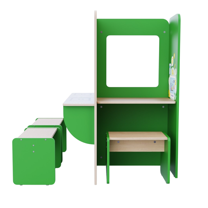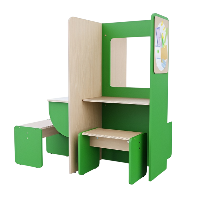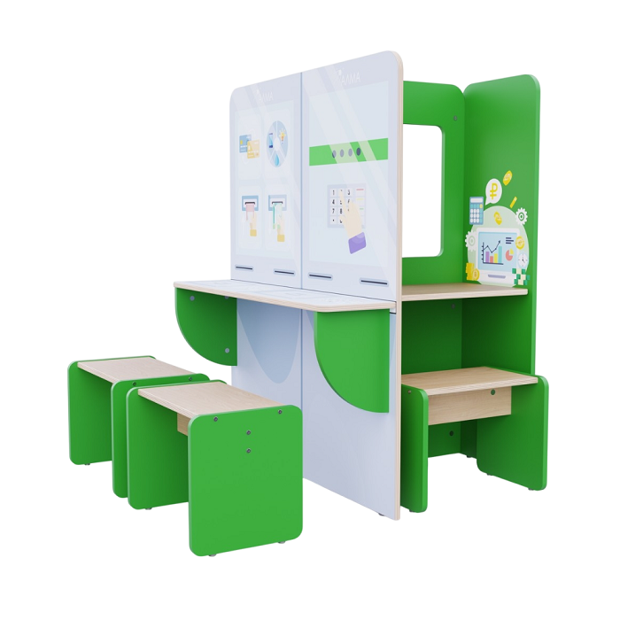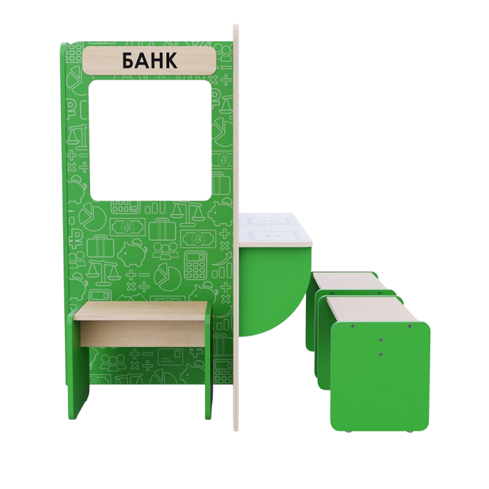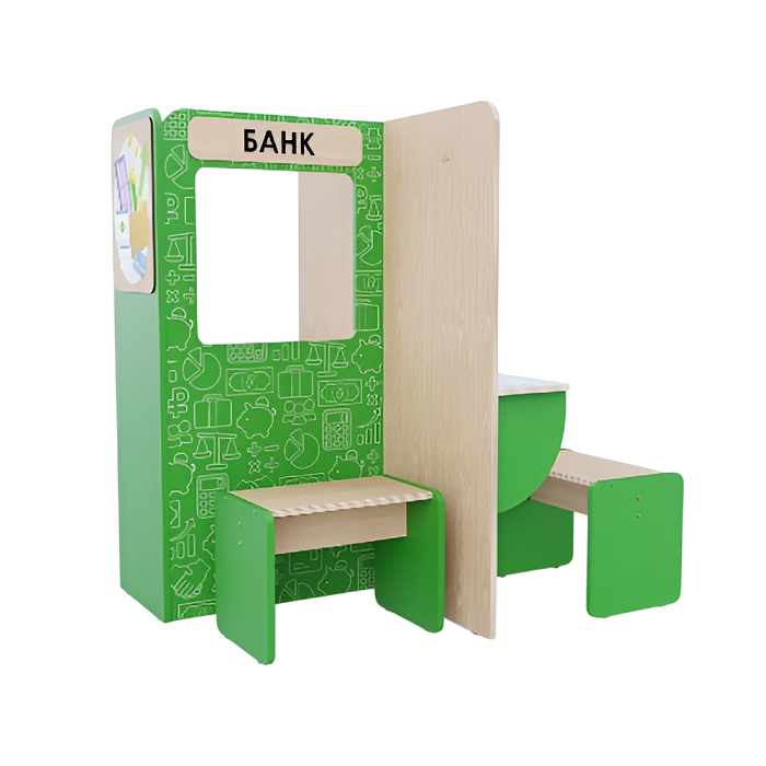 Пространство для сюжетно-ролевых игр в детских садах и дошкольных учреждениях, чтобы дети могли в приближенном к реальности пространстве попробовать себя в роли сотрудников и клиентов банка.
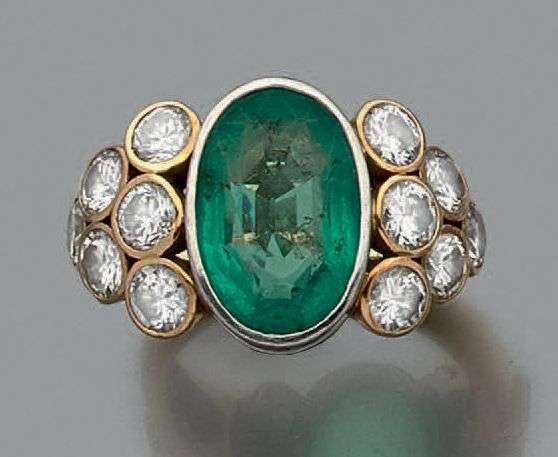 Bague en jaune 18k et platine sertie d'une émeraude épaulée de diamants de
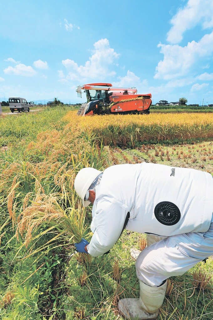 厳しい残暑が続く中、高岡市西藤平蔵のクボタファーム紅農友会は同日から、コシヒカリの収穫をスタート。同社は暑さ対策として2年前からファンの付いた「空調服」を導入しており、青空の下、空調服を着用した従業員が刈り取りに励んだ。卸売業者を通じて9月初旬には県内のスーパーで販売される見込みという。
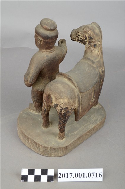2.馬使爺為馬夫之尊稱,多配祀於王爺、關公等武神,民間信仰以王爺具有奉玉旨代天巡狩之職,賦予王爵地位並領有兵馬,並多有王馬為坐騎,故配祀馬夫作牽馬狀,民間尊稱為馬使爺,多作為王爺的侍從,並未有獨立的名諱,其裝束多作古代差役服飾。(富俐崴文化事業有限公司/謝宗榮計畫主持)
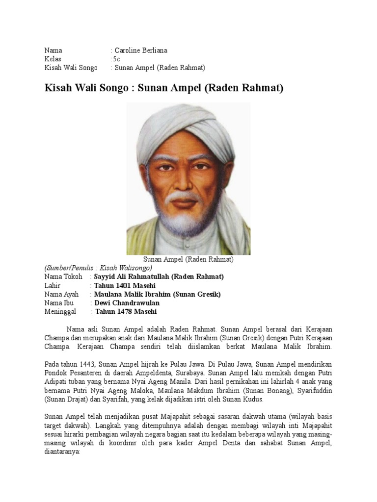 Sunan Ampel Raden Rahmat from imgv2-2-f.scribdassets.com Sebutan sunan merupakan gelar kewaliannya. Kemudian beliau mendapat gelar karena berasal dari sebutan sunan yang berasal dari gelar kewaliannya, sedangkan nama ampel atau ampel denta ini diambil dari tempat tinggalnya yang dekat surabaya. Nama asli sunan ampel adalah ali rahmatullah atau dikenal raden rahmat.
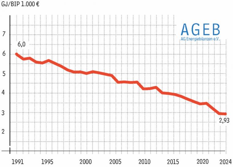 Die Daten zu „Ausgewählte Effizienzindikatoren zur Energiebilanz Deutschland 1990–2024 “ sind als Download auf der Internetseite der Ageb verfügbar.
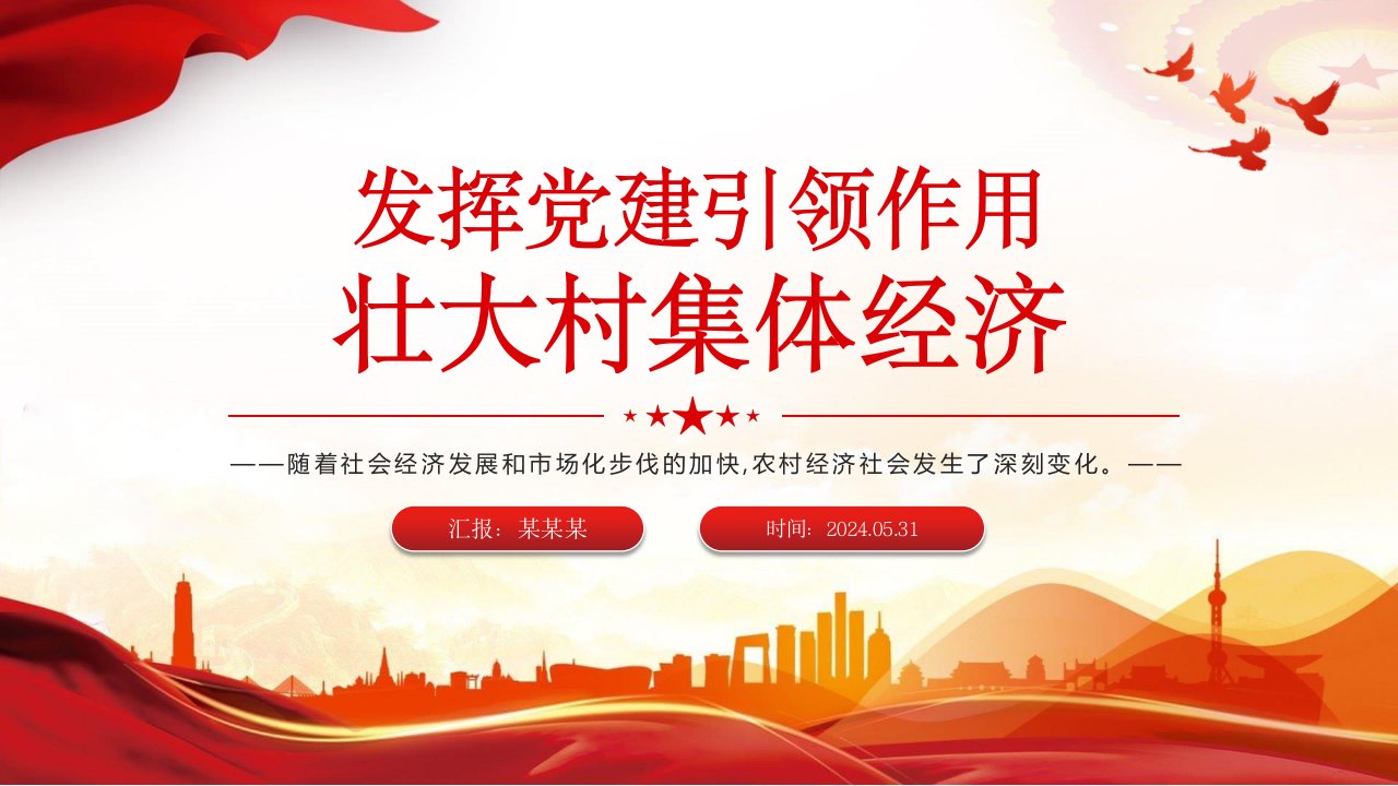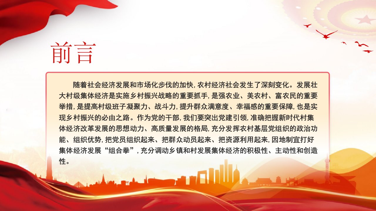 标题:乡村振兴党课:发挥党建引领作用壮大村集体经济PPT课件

#####

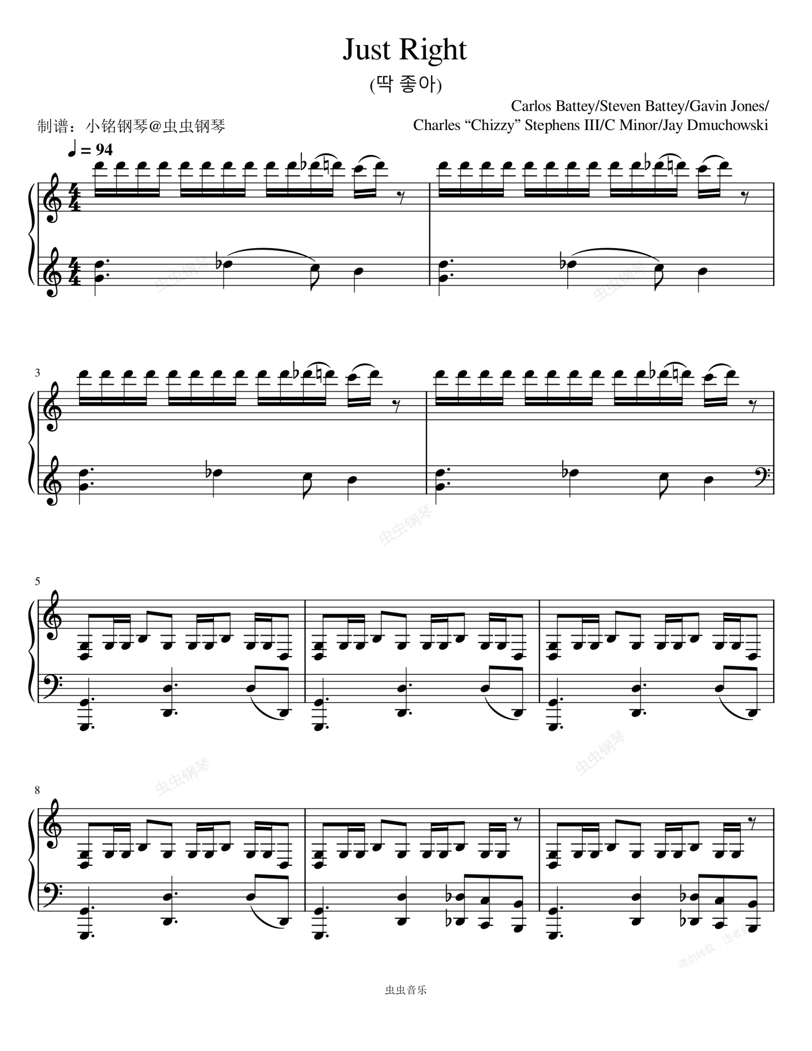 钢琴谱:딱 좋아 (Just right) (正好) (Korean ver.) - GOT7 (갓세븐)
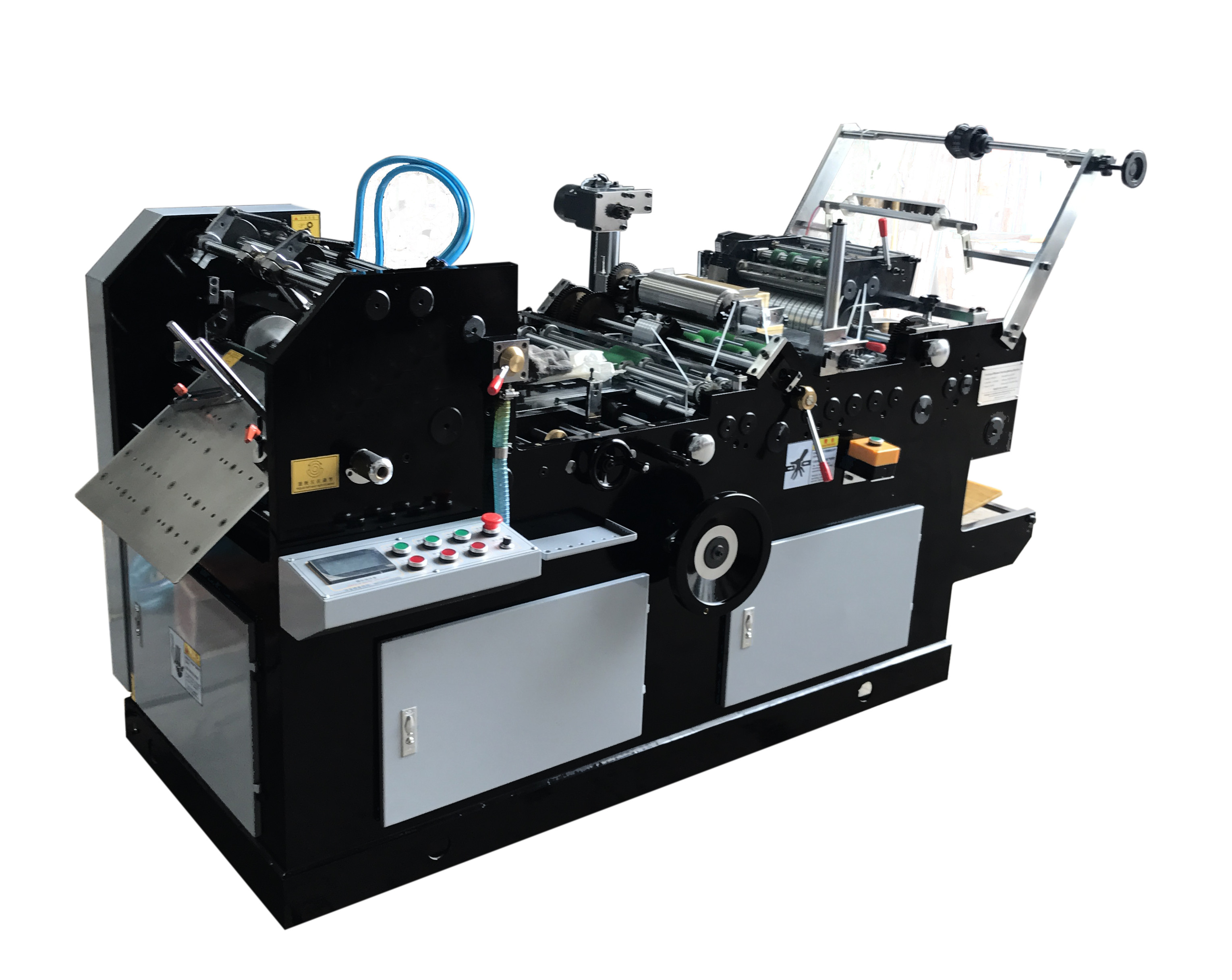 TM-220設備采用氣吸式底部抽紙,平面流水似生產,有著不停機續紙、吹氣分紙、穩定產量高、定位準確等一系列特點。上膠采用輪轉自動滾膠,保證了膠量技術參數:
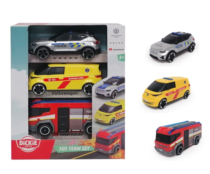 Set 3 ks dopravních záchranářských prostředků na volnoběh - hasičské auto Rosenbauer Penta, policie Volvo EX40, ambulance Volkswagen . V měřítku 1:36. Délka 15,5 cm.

#####

What to work on: Beginning with the line that contains "Bague en jaune", write out the lines of the material above exactly, and end with the line that contains "厳しい残暑が続く中、高岡市西". Omit the pictures.

Written solution:
 Bague en jaune 18k et platine sertie d'une émeraude épaulée de diamants de
 厳しい残暑が続く中、高岡市西藤平蔵のクボタファーム紅農友会は同日から、コシヒカリの収穫をスタート。同社は暑さ対策として2年前からファンの付いた「空調服」を導入しており、青空の下、空調服を着用した従業員が刈り取りに励んだ。卸売業者を通じて9月初旬には県内のスーパーで販売される見込みという。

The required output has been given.